Getting enough protein is important, especially when paired with resistance training. Studies demonstrate that consuming at least 0.3g of protein per kilogram of body weight at each meal is associated with a muscle-building response.
Muscle growth is promoted by consuming between 1.6 and 2.2 grams of protein per kilogram of body weight every day. This protein requirement can be met by consuming either 3 meals with 0.53g of protein per kilogram of body weight or 4 meals with 0.4g of protein per kg of body weight.
Protein powder, which can help you get the recommended amount of protein in your diet, is just one of many supplements that have been shown to promote muscle building.
10 Branch-chain amino acids (BCAAs) are a supplement that can help you get the protein you need to develop muscle, but they may not be necessary if you’re already eating a high-protein diet.

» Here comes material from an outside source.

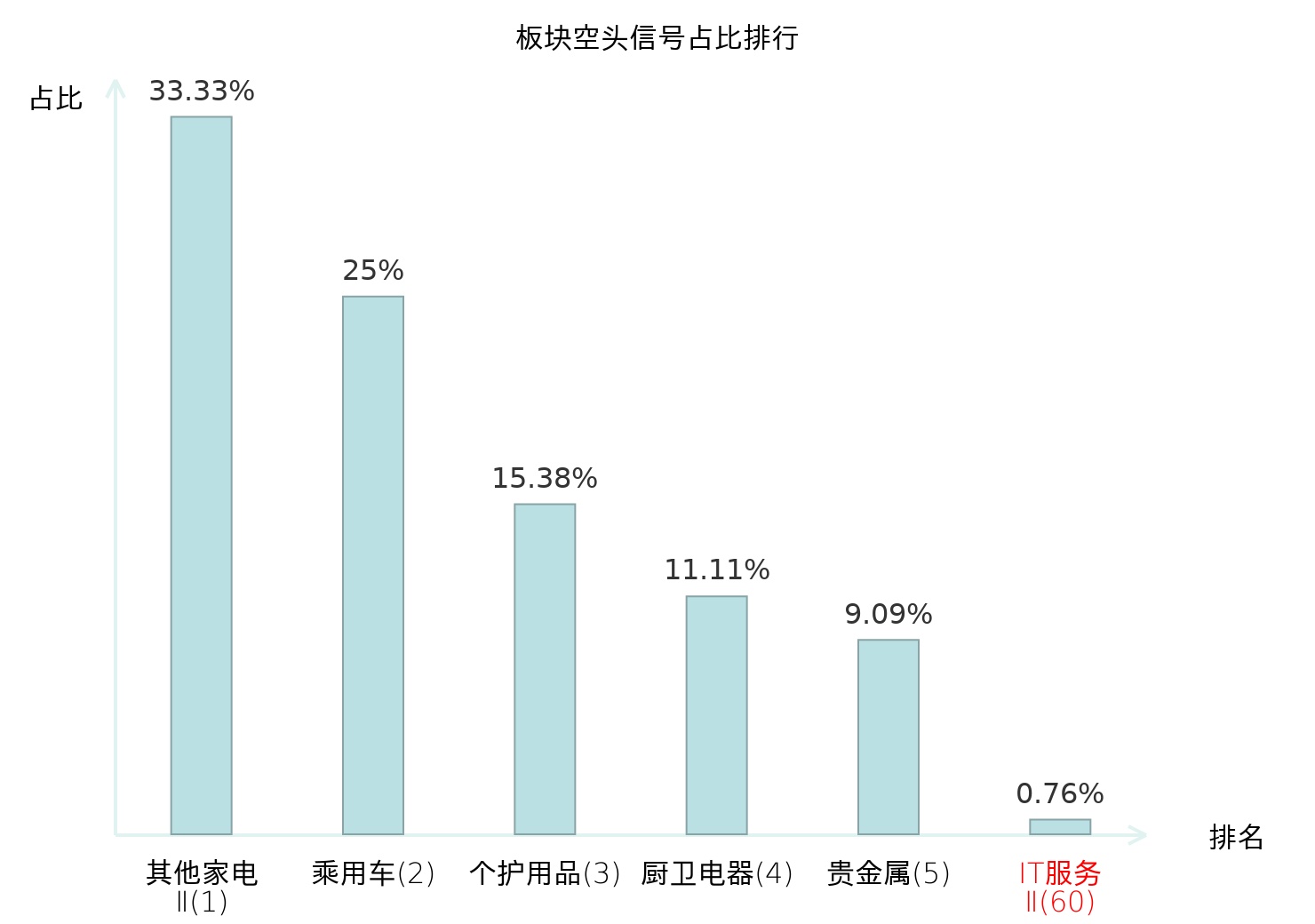 全市场所有行业板块中主力空头信号占比排名中,其他家电Ⅱ板块位居第一。个护用品板块名次提升最快,较昨日上升119位。

In older adults, the mechanism by which creatine supplementation aids in lean muscle tissue gain during resistance training is still unknown.
However, since supplements are unregulated, neither the efficacy nor the safety of any particular supplement can be guaranteed. Consult your doctor before taking any dietary supplements, including creatine or BCAAs, to be sure the product and dosage you choose is appropriate for your unique health needs. Select a product that has undergone independent testing by a body like USP, NSF or Consumer Lab.
Your genetics, gender, age, hormone levels, training routine, diet and lifestyle all play significant roles in your skeletal muscle building success or otherwise. To know if you are gaining muscle mass or not, you need to compare your present results with that recorded previously. In order to see significant improvements in both your strength and skeletal muscle mass, you need to maintain a healthy, clean diet, regularly engage in resistance training and recover by getting adequate rest.